Howdy all....this is long awaited and long delayed....but I'm very excited to be able to finally put up the finished version today!
First off, I'd like to talk about the market, objectives, methods, and use of these results.
1) The fan market is an interesting one....there are at least a hundred different 120mm fans to choose from, all with different color, noise, CFM, pressure, lighting and radiator characteristics. Theoretically, there should be a different fan for every use....and a different fan for everybody's setup.
There's an issue with it though....manufacturers lie about fan performance ratings. Well, unless you test, you can't confirm that, but let's say that some fans have ratings that just seem 'too good.' How has the community dealt with this? User experience and rationale....there is one rating which is typically very accurate as it can be easily measured by users: RPM.

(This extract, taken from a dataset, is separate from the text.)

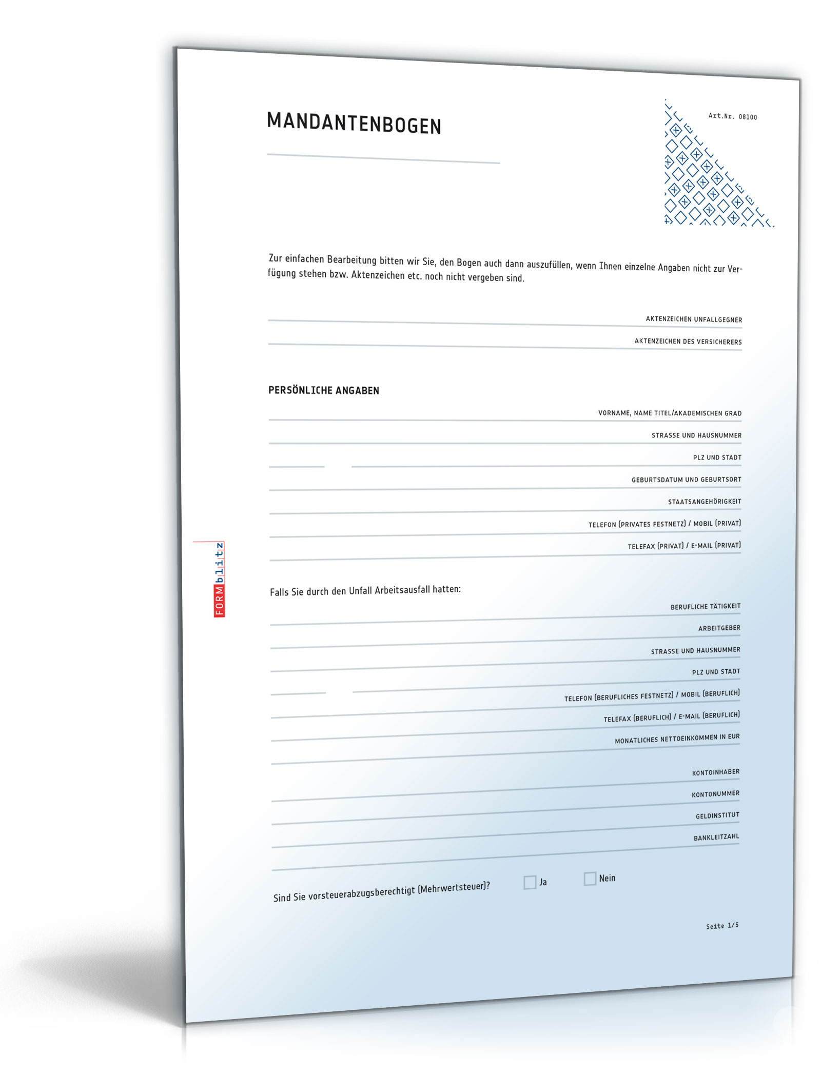 Mit diesem Stammblatt nehmen Sie als Rechtsanwalt sämtliche Daten von Mandanten bei Verkehrsangelegenheiten auf. So haben Sie alle Informationen, wie Kommunikations- und Versicherungsdaten des Mandaten, Daten zu Unfall, Kraftfahrzeug, Verkehrsteilnehmern und Zeugen, bereits vor der ersten Besprechung vorliegen. Nach dem Download brauchen Sie unsere Muster-Vorlage nur noch vom Mandanten ausfüllen lassen - fertig!

Through the user experience, the community (well, XS at least) has settled in on a few favorite fans. Is this justified? Well, as you'll see, not all fans are created equally.
2) Well, since some fans are just blatantly mis-rated, and others seem just 'too good,' I became very interested in the true performance of fans, on a consistent and reliable platform. I looked around the internet, and while there had a been a few reviews out there...they were either too focused on silence for my liking, and/or fell short on technique and results.
I hunted down proper hardware to test a fan's CFM output and dB measurements. After gathering the testing equipment, I formed a methodology that would provide extremely consistent and telling results.
3) To measure CFM, I purchased an anemometer that could accurately measure the 120mm equivalent of ~2CFM all the way up to ~350CFM. Rather than just put the anemometer up to the fan and draw a conclusion based on air moved at the hub (which is almost useless), I have shrouded the entire area between the anemometer and the fan. This is to ensure that all airflow is measured, not just the airflow at the hub or another part of the fan. On top of that, because air coming out of a fan, in addition to having forward momentum, has rotational momentum, I have the fan pull air through the measurement setup. Initial results, compared to trusted ratings (Delta, Panaflo, Yate Loon) were EXTREMELY accurate. CFM testing was done at 1V increments between 4V and 12V when possible. Minimum running voltage was also tested. This test is to test the validity of manufacturer ratings and also CFM pushing capabilities as a case fan.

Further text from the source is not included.